Open fahadullah opened 8 years ago
Is this still an observed issue on the current version?
Running the same test routine pointed by @fahadullah with some small modifications to adequate to the new API, I've reached the same "log not found" state. At first, I thought there could be a bug on InmemStore DeleteRange(), which is the implementation of LogStore interface used on unit tests. After some time, I've came back to the test definition and I think it's equivocated.
Please correct me if I'm wrong, but the expected log index after a successfully snapshot installation, and entire log truncation, shouldn't be zero? Not 102 as was currently defined.
I encountered same issue on my own implementation.
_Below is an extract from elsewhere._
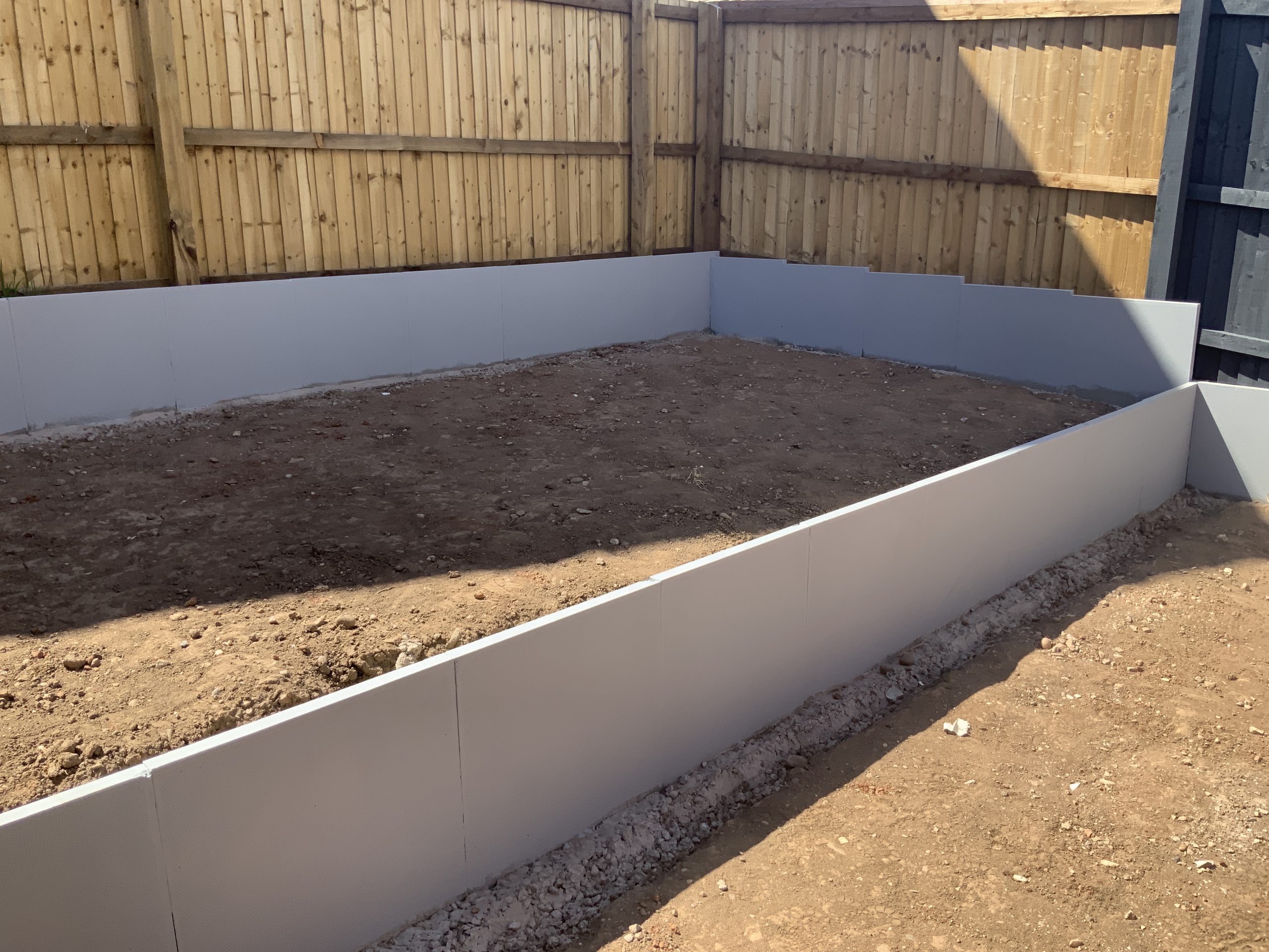 We’ve recently completed a challenging garden in Stone. The site was extremely steep and resulted in a 3-tier approach. The patio area, lower tier was paved, the middle tier had artificial grass installed and the top tier paved again. The paving was finished off with a polymer resin based jointing compound. Around the garden we added in 40-90mm white cobbles which will be later filled with grasses, palms, etc.

In the current hashicorp/raft implementation, "log not found" may occur under unreliable network.
So I make some modifications in the appendEntries
RPC handler.
Original:
https://github.com/hashicorp/raft/blob/185ae2ea91f09c04428c4293641db142b130a631/raft.go#L1476-L1502
After:
if args.PrevLogIndex > 0 {
lastIdx, lastTerm := rf.getLastEntry()
lastSnapshotIdx, lastSnapshotTerm := rf.getSnapshot()
var prevLogTerm uint64
if args.PrevLogIndex == lastIdx {
prevLogTerm = lastTerm
if args.PrevLogTerm != prevLogTerm && args.PrevLogIndex == lastSnapshotIdx && args.PrevLogTerm == lastSnapshotTerm {
// We only compact the log range from `firstLogIndex` to `Min(lastLogIndex, lastSnapshotIndex - trailingLogs)`.
// If `trailLogs` is not 0, the log entry on `lastSnapshotIndex` is not included in the log range to be compacted.
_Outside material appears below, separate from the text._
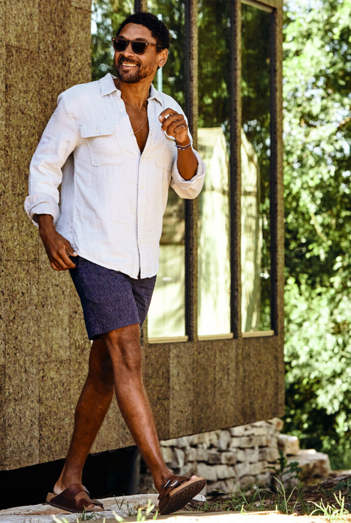 - Men: short-sleeve shirts, linen shirts, lightweight shorts or chinos
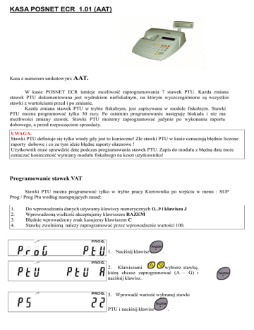 KASA POSNET ECR 1.01 (AAT) Kasa z numerem unikatowym: AAT. W kasie POSNET ECR istnieje możliwość zaprogramowania 7 stawek PTU. Każda zmiana stawek PTU dokumentowana jest wydrukiem niefiskalnym, na którym wyszczególnione są wszystkie stawki z wartościami przed i po zmianie. Każda zmiana stawek PTU w trybie fiskalnym, jest zapisywana w module fiskalnym. Stawki PTU można programować tylko 30 razy. Po ostatnim programowaniu następuję blokada i nie ma możliwości zmiany stawek. Stawki PTU możemy zaprogramować jedynie po wykonaniu raportu dobowego, a przed rozpoczęciem sprzedaży. UWAGA. Stawki PTU definiuje się tylko wtedy gdy jest to konieczne! Złe stawki PTU w kasie oznaczają błędnie liczone raporty dobowe i co za tym idzie błędne raporty okresowe ! Użytkownik musi sprawdzić datę podczas programowania stawek PTU. Zapis do modułu z błędną datą może oznaczać konieczność wymiany modułu fiskalnego na koszt użytkownika! Programowanie stawek VAT Stawki PTU można programować tylko w trybie pracy Kierownika po wejściu w menu : SUP Prog / Prog Ptu według następujących zasad: 1. 2. 3. 4. Do wprowadzania danych używamy klawiszy numerycznych O...9 i klawisza J Wprowadzoną wielkość akceptujemy klawiszem RAZEM Błędnie wprowadzony znak kasujemy klawiszem C Stawkę zwolnioną należy zaprogramować przez wprowadzenie wartości 100. 1. Naciśnij klawisz . 2. Klawiszami wybierz stawkę, którą chcesz zaprogramować (A — G) i naciśnij klawisz. 3. Wprowadź wartość wybranej stawki PTU i naciśnij klawisz . 1. Aby wprowadzić stawki PTU do pomięci kasy wybierz polecenie ,,dodaj” i naciśnij klawisz . Po akceptacji wprowadzonych z klawiatury stawek PTU na wyświetlaczu pojawi się data. Jeśli data jest poprawna naciśnięcie klawisza spowoduje wydruk niefiskalny dokumentujący zmianę stawek. Z UWAGA. 1. 2. 3. 4. 5. 6. 7. 8. Stawki PTU zostaną zapisane do pamięci kasy TYLKO po wybraniu opcji ,,dodaj”. Programowanie stawek możliwe jest tylko przy zerowych totalizerach (po raporcie dobowym). Do wprowadzania danych używamy klawiszy numerycznych O...9 i klawisza J. Wprowadzoną wielkość akceptujemy klawiszem [RAZEM]. Wprowadzenie wartości 1O1 oznacza, że wybrana stawka jest NIEAKTYWNA. Wprowadzenie wartości 1OO oznacza, że stawka jest ZWOLNIONA. Błędnie wprowadzony znak kasujemy klawiszem C. Stawki PTU można zmieniać TYLKO 3O razy. Dalsza zmiana stawek jest niemożliwa. Można pracować na kasie z ostatnio zapisanymi stawkami PTU. Zmiana przypisania stawki VAT do PLU W kasie Posnet ECR każdy towar musi mieć unikalną nazwę (maksymalnie 16 znaków) oraz stawkę PTU. W trakcie programowania towaru użytkownik może przyporządkować do niego cenę, opakowanie zwrotne oraz unikalny kod kreskowy. Dane te nie są wprowadzane obligatoryjnie, więc pominięcie którejkolwiek powoduje ustawienie wartości zerowych (co oznacza brak ceny proponowanej, brak przyporządkowanego opakowania oraz brak kodu kreskowego). Funkcja dostępna w menu kierownika SUP Prog. 1. Naciśnij klawisz POSNET Instrukcja . 2. Wybierz numer PLU do edycji. Kolejność wprowadzanych danych dotyczących towaru jest dowolna. Należy pamiętać, że aby towar został zaprogramowany musi zostać wprowadzona unikalna nazwa towaru i stawka PTU. 3. Naciśnij klawisz . 4. Wprowadź nazwę towaru i naciśnij klawisz . 5. Naciśnij klawisz kod kreskowy. aby wprowadzić 6. Wprowadź unikalny kod kreskowy i naciśnij klawisz . Kod kreskowy można wprowadzić ręcznie lub przy pomocy czytnika kodów kreskowych. Kod kreskowy sklada się z 6 do 13 cyfr. 7. Naciśnij klawisz . 8. Wprowadź cenę i naciśnij klawisz . Wprowadzenie wartości zerowej oznacza, że towar ma cenę otwartą. 9. Naciśnij klawisz . 10. Klawiszami i naciśnij klawisz POSNET Instrukcja wybierz odpowiednią stawkę PTU . 11. Naciśnij klawisz 12. Klawiszami . wybierz numer opakowania i naciśnij klawisz . Klawiszami można wybierać tylko zaprogramowane opakowania. Wprowadzenie wartości zerowej oznacza, że towar nie ma przypisanego opakowania. 13. Naciśnij klawisz . Każde programowanie towaru zakończone jest wydrukiem dokumentu niefiskalnego, na którym wyszczególniona jest nazwa towaru, numer PLU oraz przypisana do niego stawka PTU. POSNET Instrukcja

// And sometimes the log entry on `lastSnapshotIndex` is the last log entry, but with a different term.
// So we do this additional check
prevLogTerm = lastSnapshotTerm
}
} else if args.PrevLogIndex == lastSnapshotIdx && args.PrevLogTerm == lastSnapshotTerm {
// If there are remaining logs after the snapshot index, the `lastIdx` will be the last log index.
// Without this additional check, even if the log entry on lastSnapshotIdx == args.PrevLogIndex exists semantically;
// However, the log entry on index `lastSnapshotIdx` has been compacted, so we need to use the snapshot term as the term of compacted log on index `lastSnapshotIdx`.
prevLogTerm = lastSnapshotTerm
} else {
var prevLog LogEntry
if err := rf.logs.GetLog(args.PrevLogIndex, &prevLog); err != nil {
rf.logger.Debug("failed to get previous log",
zap.Int("receiver-id", rf.me),
zap.Uint64("previous-index", args.PrevLogIndex),
zap.Uint64("last-index", lastIdx),
zap.Error(err))
reply.NoRetryBackoff = true
return
}
prevLogTerm = prevLog.Term
}
if args.PrevLogTerm != prevLogTerm {
rf.logger.Debug("previous log term mis-match",
zap.Int("sender-id", int(args.LeaderId)),
zap.Int("receiver-id", rf.me),
zap.Uint64("ours", prevLogTerm),
zap.Uint64("remote", args.PrevLogTerm))
reply.NoRetryBackoff = true
// Find the last log that matches the term
commitIdx := rf.getCommitIndex()
conflictTerm := prevLogTerm
var idx uint64
for idx = args.PrevLogIndex - 1; idx >= commitIdx; idx-- {
var log LogEntry
if err := rf.logs.GetLog(idx, &log); err != nil {
rf.logger.Debug("failed to get log",
zap.Int("receiver-id", rf.me),
zap.Uint64("index", idx),
zap.Error(err),
)
return
}
if log.Term != conflictTerm {
break
}
}
reply.LastLog = idx
return
}
}
@slackpad Sorry for disturbing you, I guess you are the maintainer of this repo. Would like to hear your thoughts on this issue, Thx!
https://gist.github.com/fahadullah/e49a4578094f4efd7746
If TrailingLogs is set to 0 and raft node is restarted right after taking a snapshot, it tries to look up the last index but all entries were already compacted. TrailingLogs being 0 should be a valid config though a little inefficient under certain cases.